┌─ Provided records

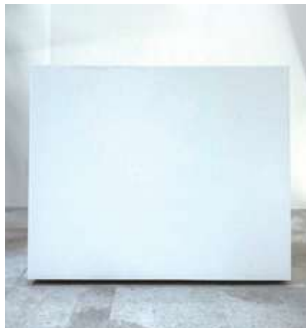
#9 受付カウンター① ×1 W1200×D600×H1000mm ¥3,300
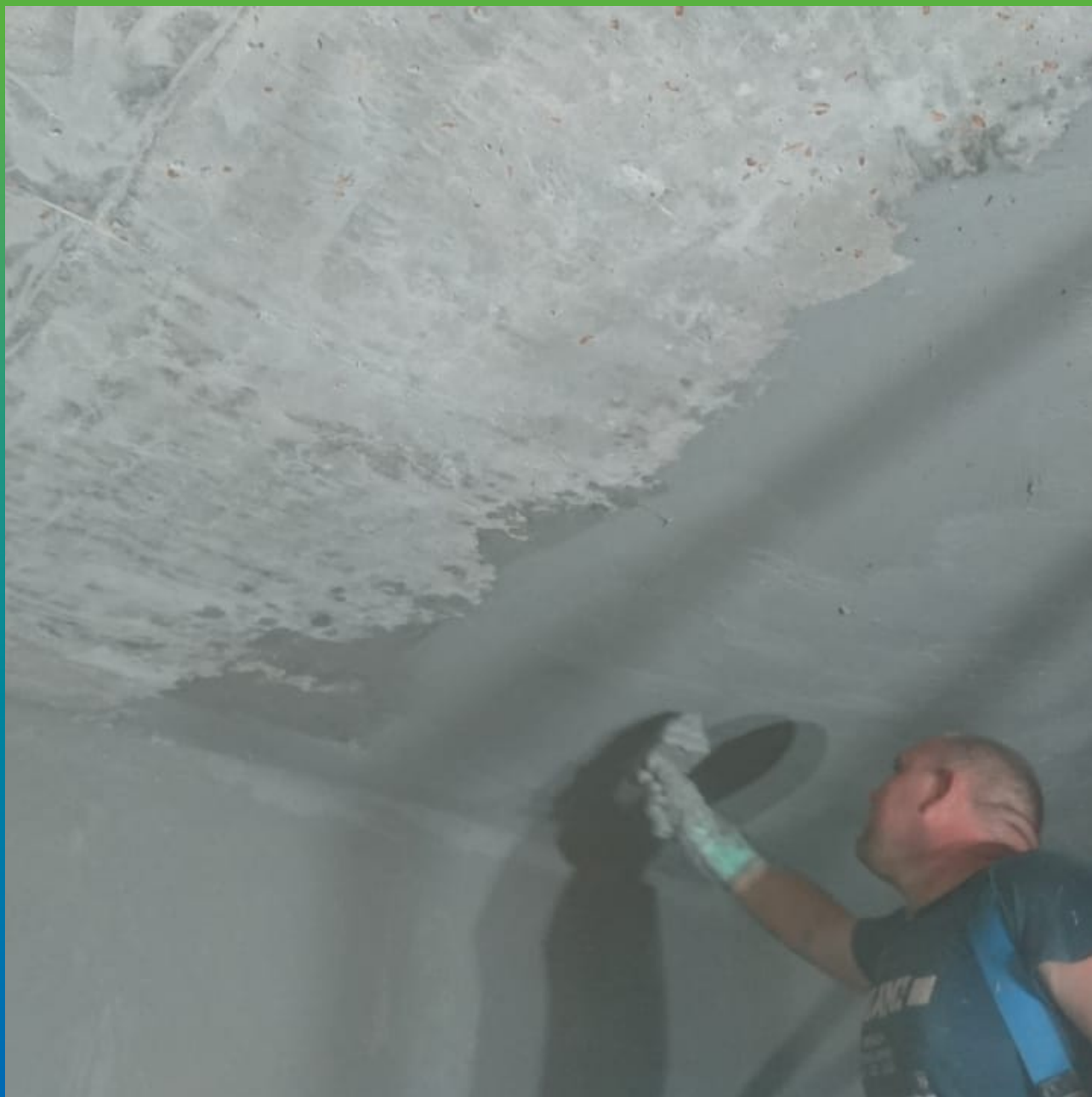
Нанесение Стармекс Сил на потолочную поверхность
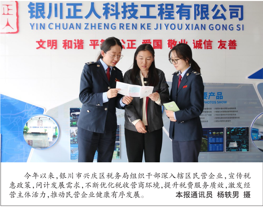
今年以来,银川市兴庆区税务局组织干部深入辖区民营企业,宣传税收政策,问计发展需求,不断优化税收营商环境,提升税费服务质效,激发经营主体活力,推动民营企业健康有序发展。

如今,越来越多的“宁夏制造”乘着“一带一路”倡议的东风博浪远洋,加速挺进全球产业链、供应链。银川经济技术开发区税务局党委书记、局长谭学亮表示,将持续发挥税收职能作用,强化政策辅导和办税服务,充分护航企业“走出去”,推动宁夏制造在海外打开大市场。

└─
┌─ Provided records

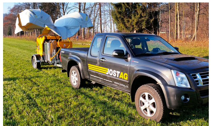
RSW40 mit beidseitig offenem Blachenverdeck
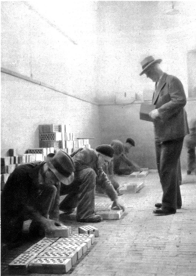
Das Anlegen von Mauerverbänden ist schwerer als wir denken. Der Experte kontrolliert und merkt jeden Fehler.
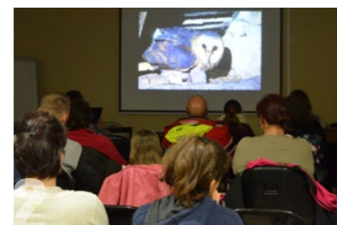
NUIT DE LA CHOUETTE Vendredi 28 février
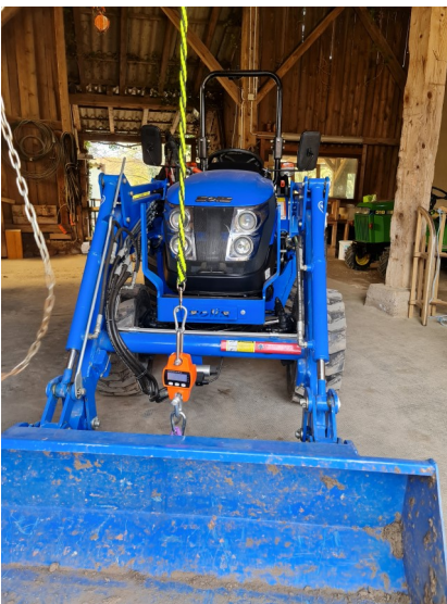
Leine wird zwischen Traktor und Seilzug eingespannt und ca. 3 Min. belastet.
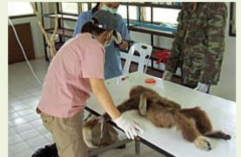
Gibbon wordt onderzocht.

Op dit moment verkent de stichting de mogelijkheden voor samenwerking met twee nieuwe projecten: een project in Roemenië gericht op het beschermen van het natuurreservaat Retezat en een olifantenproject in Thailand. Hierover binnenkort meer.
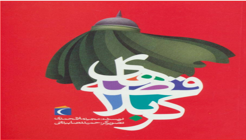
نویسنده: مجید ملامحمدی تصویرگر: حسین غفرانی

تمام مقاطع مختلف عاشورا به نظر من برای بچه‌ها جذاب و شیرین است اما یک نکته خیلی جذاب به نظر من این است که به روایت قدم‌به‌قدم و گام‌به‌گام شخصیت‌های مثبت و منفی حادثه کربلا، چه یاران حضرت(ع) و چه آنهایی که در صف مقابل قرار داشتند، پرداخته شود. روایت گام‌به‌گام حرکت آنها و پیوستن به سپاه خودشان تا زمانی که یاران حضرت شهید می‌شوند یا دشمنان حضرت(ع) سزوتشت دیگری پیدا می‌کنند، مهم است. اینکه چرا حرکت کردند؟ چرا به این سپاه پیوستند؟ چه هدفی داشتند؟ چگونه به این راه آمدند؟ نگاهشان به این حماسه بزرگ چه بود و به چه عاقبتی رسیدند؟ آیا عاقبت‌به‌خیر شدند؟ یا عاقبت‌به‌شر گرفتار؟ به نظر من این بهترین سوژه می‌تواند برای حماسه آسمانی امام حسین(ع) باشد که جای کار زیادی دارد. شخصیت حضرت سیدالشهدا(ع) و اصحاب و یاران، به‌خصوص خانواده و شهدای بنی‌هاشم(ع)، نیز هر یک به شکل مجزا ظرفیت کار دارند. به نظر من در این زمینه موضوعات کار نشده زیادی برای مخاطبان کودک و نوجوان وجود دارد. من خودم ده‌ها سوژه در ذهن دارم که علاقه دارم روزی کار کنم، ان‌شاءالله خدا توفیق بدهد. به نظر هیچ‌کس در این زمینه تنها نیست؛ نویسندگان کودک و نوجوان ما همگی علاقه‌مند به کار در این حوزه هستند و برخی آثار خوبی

└─
┌─ Provided records

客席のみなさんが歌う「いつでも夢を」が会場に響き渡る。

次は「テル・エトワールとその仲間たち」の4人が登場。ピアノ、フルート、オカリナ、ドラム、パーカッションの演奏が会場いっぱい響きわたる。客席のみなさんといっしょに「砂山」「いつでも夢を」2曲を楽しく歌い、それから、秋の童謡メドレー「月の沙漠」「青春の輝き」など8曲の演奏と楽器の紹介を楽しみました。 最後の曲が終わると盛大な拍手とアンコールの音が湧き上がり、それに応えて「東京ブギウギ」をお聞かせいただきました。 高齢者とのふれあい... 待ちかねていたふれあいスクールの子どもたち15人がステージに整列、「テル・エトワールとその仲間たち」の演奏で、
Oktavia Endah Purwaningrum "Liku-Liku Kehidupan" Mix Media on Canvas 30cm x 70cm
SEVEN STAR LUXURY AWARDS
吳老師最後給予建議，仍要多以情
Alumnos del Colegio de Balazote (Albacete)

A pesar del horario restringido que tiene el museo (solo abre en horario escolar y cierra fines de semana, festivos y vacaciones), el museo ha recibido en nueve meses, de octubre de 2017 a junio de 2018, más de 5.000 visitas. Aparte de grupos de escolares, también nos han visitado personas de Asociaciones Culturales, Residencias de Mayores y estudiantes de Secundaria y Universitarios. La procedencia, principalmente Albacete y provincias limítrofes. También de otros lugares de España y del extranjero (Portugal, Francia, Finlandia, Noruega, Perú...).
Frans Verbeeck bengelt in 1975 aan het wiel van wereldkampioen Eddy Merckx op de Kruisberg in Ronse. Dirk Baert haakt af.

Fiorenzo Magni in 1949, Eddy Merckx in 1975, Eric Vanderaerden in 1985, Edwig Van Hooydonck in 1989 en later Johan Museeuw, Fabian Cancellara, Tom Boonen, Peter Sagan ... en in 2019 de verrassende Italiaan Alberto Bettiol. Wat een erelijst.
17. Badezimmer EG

└─

The word "Albacete" is the filter: copy every line of the listing above that contains it.

Alumnos del Colegio de Balazote (Albacete)
A pesar del horario restringido que tiene el museo (solo abre en horario escolar y cierra fines de semana, festivos y vacaciones), el museo ha recibido en nueve meses, de octubre de 2017 a junio de 2018, más de 5.000 visitas. Aparte de grupos de escolares, también nos han visitado personas de Asociaciones Culturales, Residencias de Mayores y estudiantes de Secundaria y Universitarios. La procedencia, principalmente Albacete y provincias limítrofes. También de otros lugares de España y del extranjero (Portugal, Francia, Finlandia, Noruega, Perú...).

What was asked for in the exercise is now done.